I would disagree with both statements.

Part of the value (really, most of the value) of attending these schools is
the network that you build while there. And yes, he can always write on his
resume that he attended Yale from "Sept 2009-January 2013" (if he were to drop
out). I attended a top university and dropped out my last semester to pursue
tech related endeavors. I have reaped enormous benefits from this decision.

Once you are accepted to a top university, 90% of the "brand"-ing is complete.
If you are resourceful (as this young man clearly is), the rest will take care
of itself.

With regards to your second comment, the idea of a "BS as a filter" is losing
credibility at an exponential rate.
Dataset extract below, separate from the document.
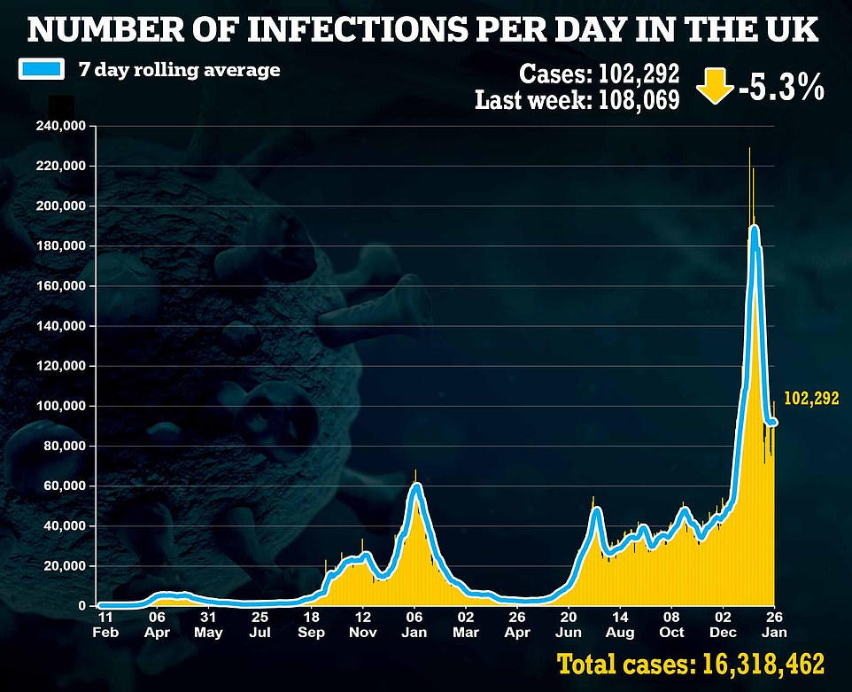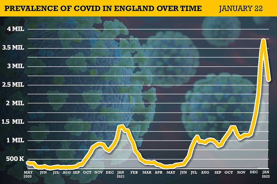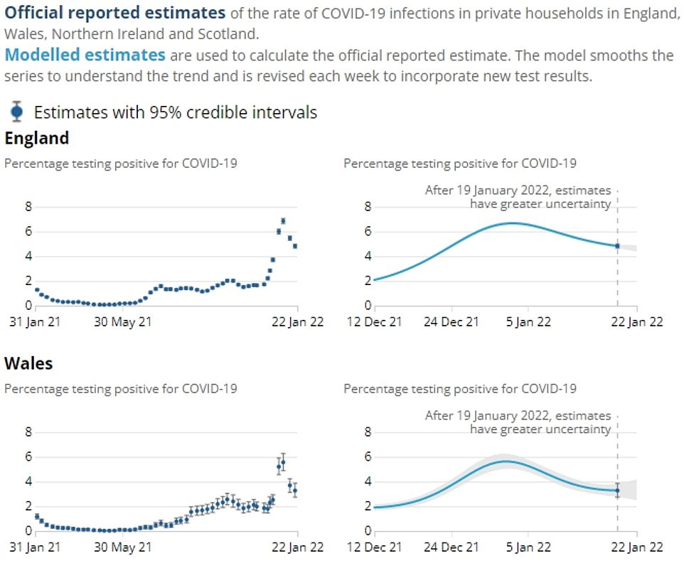 分析人士估计,在截至1月22日的一周内,感染人数在260万,之前的一周,为290万。这些数据意味着,英格兰每20个人中,就有1人感染了。

It might seem counter intuitive, but a top
tech employer would take a second look at a Yale dropout who wrote a popular
plug-in. A majority of applicants at these firms already come from the best
schools in the country. On it's own, even an ivy-league degree isn't as great
of a filter as you might think. (Note: This applies to jobs with the highest
concentration of ivy-league applicants)

------
ilaksh
Make it a userscript instead of a Chrome extension and then Google can't block
it from their store because it will be distributed openly.

[http://http://userscripts.org/](http://http://userscripts.org/)

[http://userscripts.org/about/installing](http://userscripts.org/about/installing)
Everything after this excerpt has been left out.